Fani i krytycy dzielili się swoją miłością i wsparciem dla piękna oprawa wizualna filmu i prosta fabuła, która uzupełnia budowanie świata i pomaga nadać bohaterom większą głębię. Teraz fani kibicują, by film Camerona przewyższył najbardziej dominującą siłę w kasie.

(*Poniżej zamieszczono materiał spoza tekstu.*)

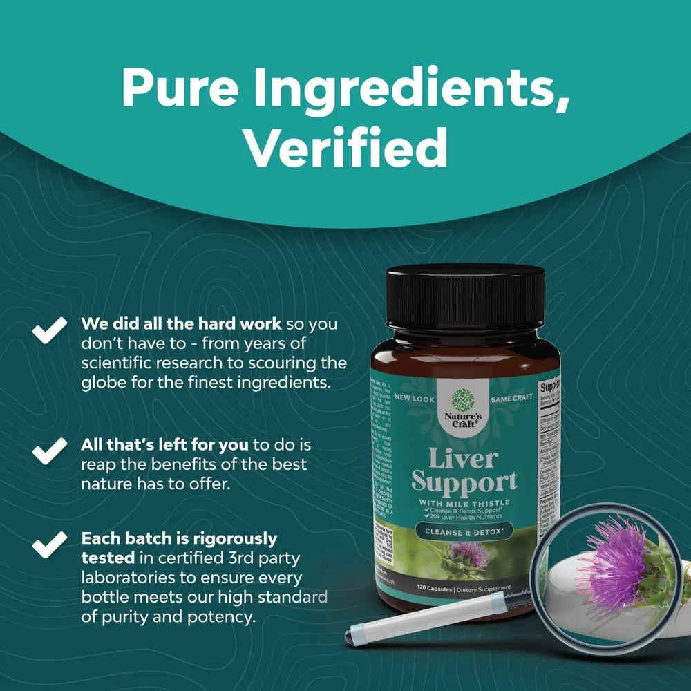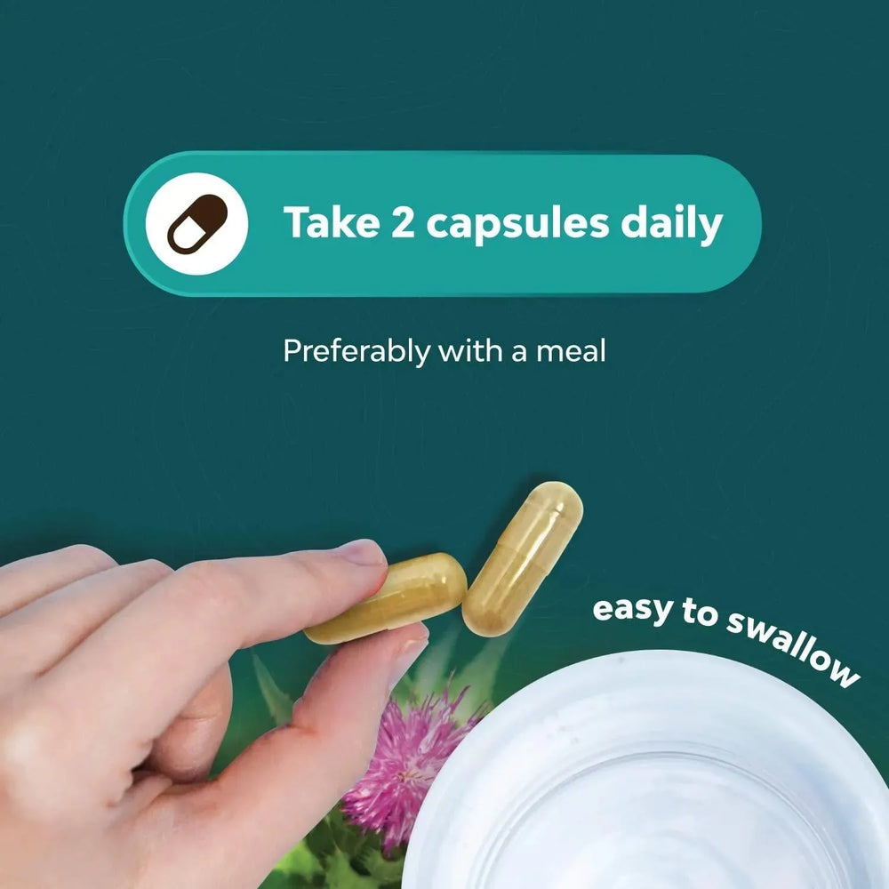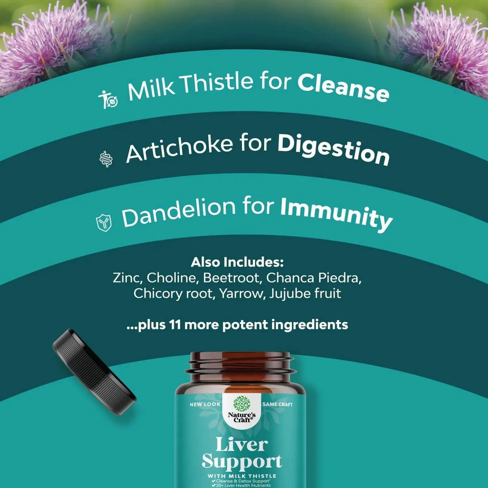 Cuidado avanzado del hígado: promueva un funcionamiento fuerte del hígado con nuestras cápsulas de extracto de cardo mariano enriquecidas con polvo de raíz de achicoria de milenrama, chanca piedra, berberina y más para una limpieza profunda del hígado.
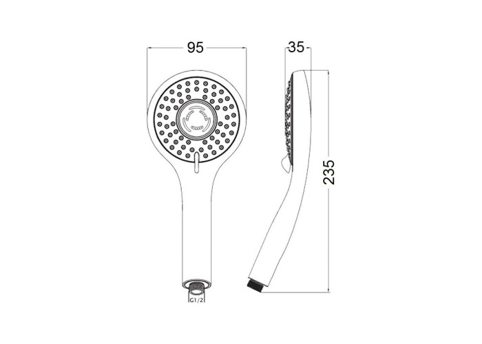 Лійка для ручного душу GF (CRM)-SH-112 виконана з пластику з хромованим покриттям корпусу, яке захистить виріб від корозії, а також виглядає естетично. Монтується лійка без особливих зусиль й необхідності додаткових підручних засобів. Для підключення до душового шланга є підвід з зовнішньою різьбою. Лійка сумісна з усіма гнучкими шлангами для душу. Для зручності прийняття душу передбачено три типи струменя: "дощ", "м‘який" і "масаж", а також важільний перемикач.
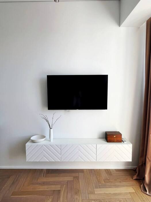 В зоне спальни установлен большой телевизор с функцией Smart-Tv и приложениями Wink, IVI, Okko. Вы сможете воспользоваться ими и посмотреть свои любимые фильмы и сериалы.

Ponieważ długo oczekiwana kontynuacja jest zaledwie o kilka cali od zdetronizowania Avengers: Infinity War i zajęcia miejsca w pierwszej piątce najbardziej dochodowych filmów wszechczasów. Fani świętują sukces filmu i nie mogą się doczekać kolejnego rozdziału Pandory, którą wyobraził sobie James Gunn.
— Dandelion – I SEE YOU (@Dan_de_Leone) 22 stycznia 2023 r.
i wszyscy mówili, że to klapa…pic.twitter.com/jcMElHbeWC
— aria💋 (@soursctrl) 22 stycznia 2023 r.
Wyścig do 3 miliardów trwa 🔥 pic.twitter.com/A0SzRhkMJH
— Barun (@TheLordOfSea) 2 stycznia 2, 2023
— Smiso (@directorsmiso) 22 stycznia 2023 r.
Czuję zapach łez fanów
— kai♡(rt przypięty)🇧🇷 (@kairoyaltyy) 22 stycznia 2023 r.
Przeczytaj także: „Będę podpisz tutaj. Gotowe”: Zoe Saldaña nie ma nic przeciwko nakręceniu 60 sequeli Avatara po tym, jak stwierdziła, że ma dość żonglowania franczyzami wartymi miliardy dolarów
James Cameron
James Gunn jest bliski zostania jedynym reżyserem, którego 3 filmy znalazły się w pierwszej piątce najwyższych filmów i ponownie udowodnił, dlaczego jest uważany za jednego z najbardziej wpływowych reżyserów wszechczasów. Opóźniona o 13 lat kontynuacja ponownie udowodniła, że reżyser potrafi przełamać bariery językowe i zapewnić jedne z najlepszych wrażeń teatralnych, jakie można sobie wyobrazić.
Avatar: The Way of Water jest grany w kinach.